Spalletti: Starannie dobrać skład
Za nami konferencja przedmeczowa Luciano Spallettiego. Trener Nerazzurrich podkreślał, że konieczne jest zdobywanie kompletu punktów w kolejnych meczach.
- Jestem zadowolony z tej atmosfery, która towarzyszyła podczas dzisiejszego treningu. Wszyscy będą dostępni, więc będę musiał pomyśleć i starannie dobrać skład. Nie każdy może grać we wszystkich meczach. Mamy drużynę, w której możemy wymieniać poszczególnych zawodników, nie tracąc jednocześnie poziomu - rozpoczął Spalletti.
Następnie szkoleniowiec odniósł się do swoich zawodników. - Nainggolan musi grać, by znaleźć równowagę. Icardi nie zdobył jeszcze bramki w lidze? Na nim właśnie skupiają się obrońcy przeciwników, dzięki czemu tworzy się miejsce do strzału dla tych, którzy są blisko. Brozović wziął na siebie odpowiedzialność rozgrywania i robi to dobrze. Zna się na rzeczy i instynktownie wie, jak pokierować zespołem - ocenił trener.

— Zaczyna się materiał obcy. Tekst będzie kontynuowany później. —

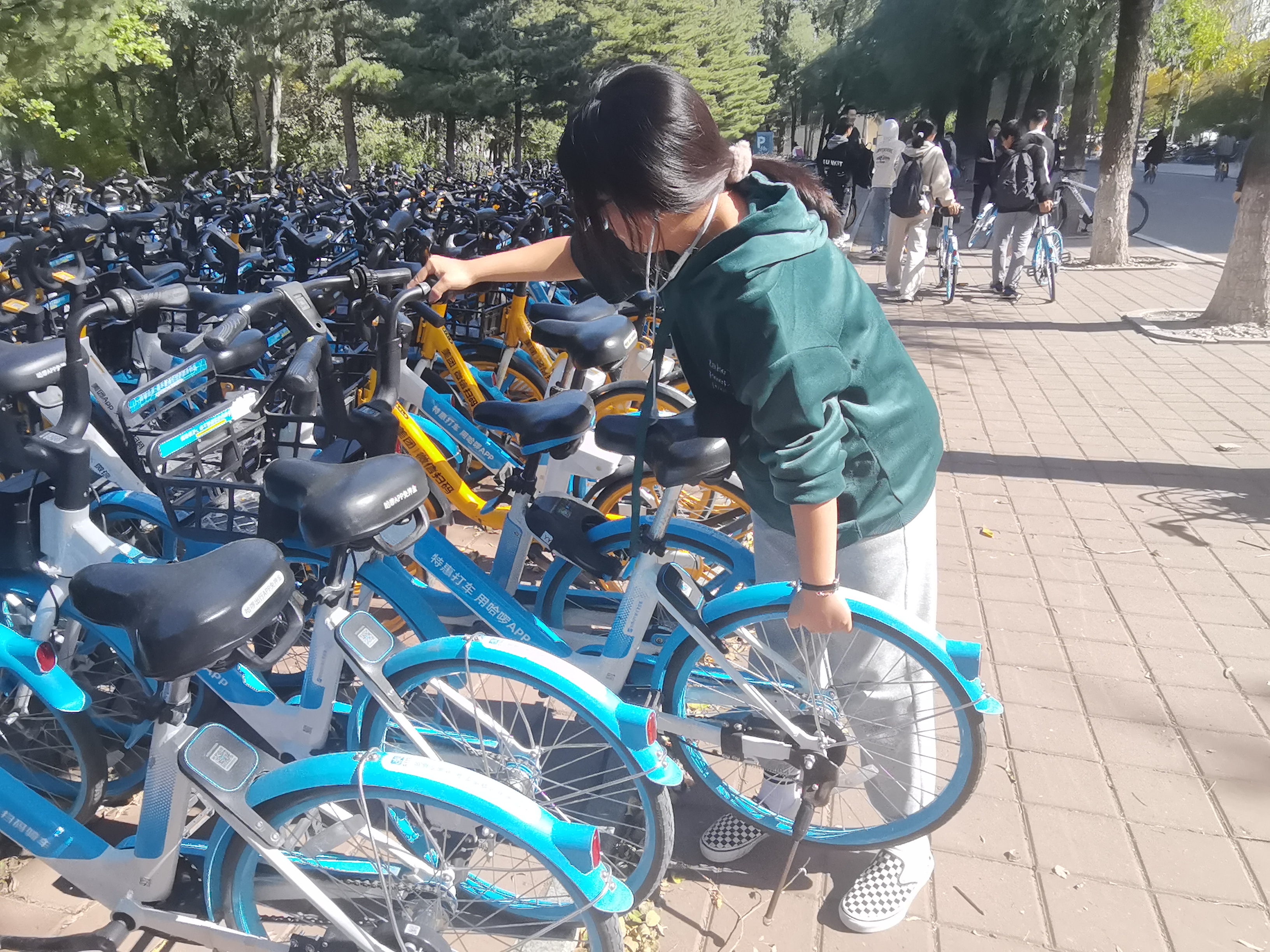 整理后,共享单车摆放整齐,提升了有序的校园形象
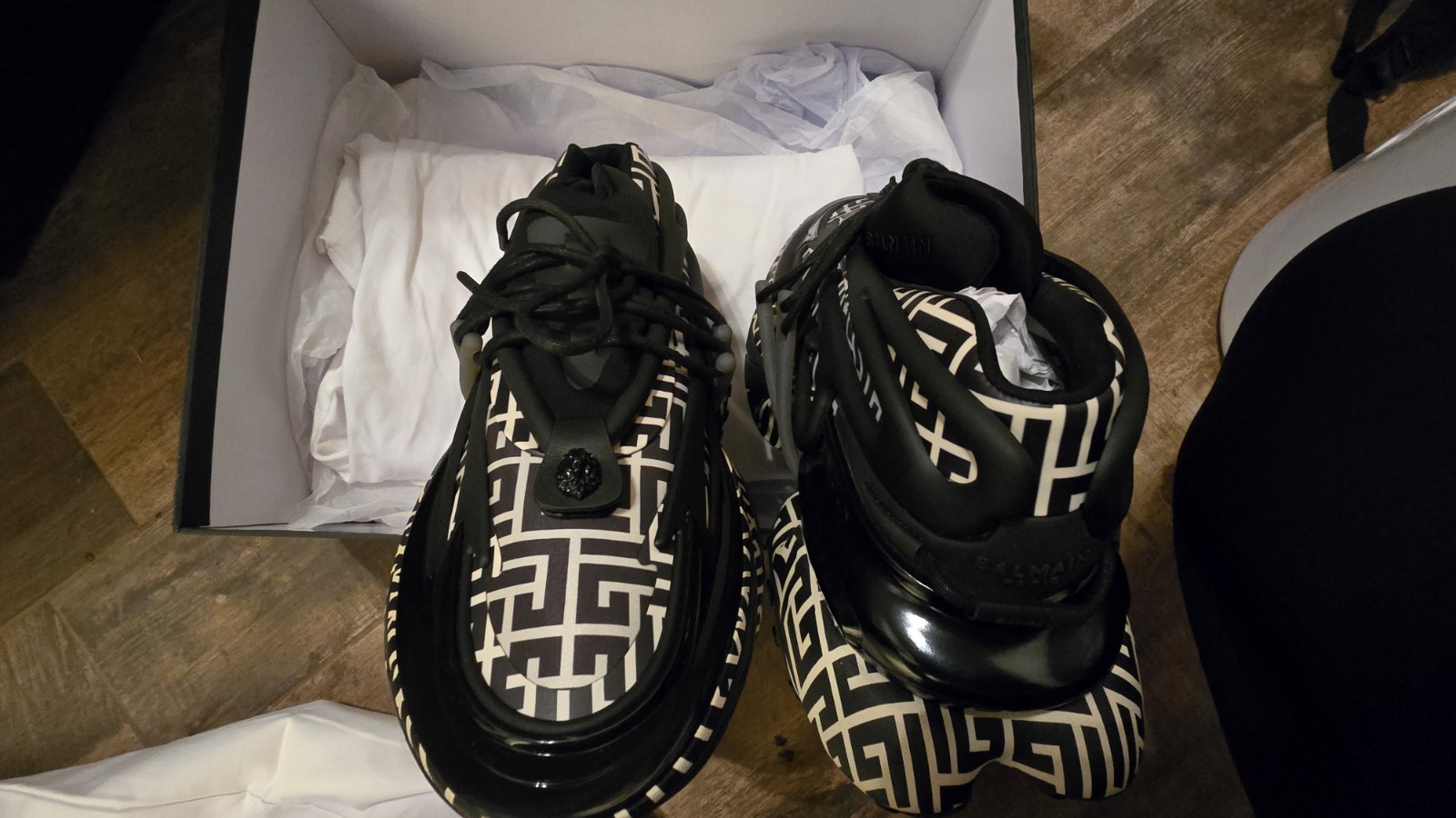 The product is a pair of Balmain sneakers in a unique unicorn design, specifically made for men in US size 11. These sneakers would likely feature a colorful and whimsical design inspired by unicorns, making them stand out from traditional footwear options. The Balmain brand is known for its high-end fashion and designer shoes, so this product is likely to be a stylish and fashionable choice for those looking to make a statement with their footwear.

Już jutro Inter zagra z Fiorentiną. Zdaniem Spallettiego będzie to ciężki mecz. - Straciliśmy punkty i wiemy, jak ważne są nasze przyszłe mecze. Musimy zbierać komplety punktów. Będzie to trudne, bo Fiorentina jest dobrym zespołem. Poza tym będą mieć wsparcie kibiców, co jest dla nich bardzo wazne - zakończył.
Źródło: inter.it
inter00
24 września 2018 | 19:52
Ciężka przeprawa przed nami
Larry
24 września 2018 | 20:20
Spaletti już sam był lekko struty po falstarcie w Serie A, ale widzę, że odzyskał rezon i trzeźwość oceny sytuacji. W 100% się zgadzam ze wszystkim - oczywiście, że Icardi skupia na sobie uwagę obrońców i robi miejsce innym - przez długi czas to samo robił Lewy w reprezentacji, gdy miał gorszy strzelecko okres, ale oczywiście było tysiące "ekspertów", którzy krzyczeli, że jest słaby. Nie zmienia to faktu, że się Maurito mimo wszystko trochę zaciął, ale i tak jest dla nas bardzo ważny. Naingollan widać gołym okiem, że z meczu na mecz jest coraz lepszy, a już jest jednym z najlepszych na murawie w każdym spotkaniu. Brozović też ma jeszcze spore rezerwy, choć już ma ogromne znaczenie dla naszej gry. W jego przypadku problemem jest to, że wielu oczekuje od niego, że będzie Rafinhą - a on ma diametralnie inne zadania na boisku - doskonale było to widać w ostatnim kwadransie meczu z Tottenhamem - przejmował piłkę w środkowej strefie i zagrywał do mającego najwięcej miejsca partnera, który wyprowadzał atak. To nie Brozo jest odpowiedzialny za wyprowadzenie ataku, czy posłanie prostopadłej piłki do napastnika, który wychodzi sam na sam - on jest odpowiedzialny za przerwanie ataku przeciwników i dostarczenie piłki do najlepiej ustawionego zawodnika stojącego przodem do bramki rywali, który rozpoczyna atak - z tego go rozliczajcie. Wszystko, co zrobi ponadto, to bonus. Fajnie, że już jutro meczyk :-D
ER_Grande_Nerazzurri
24 września 2018 | 21:09
Wszystko fajnie, ale po raz kolejny ośmielę się zwrócić uwagę na pisownię: SpalLetti i NaingGolan. ;)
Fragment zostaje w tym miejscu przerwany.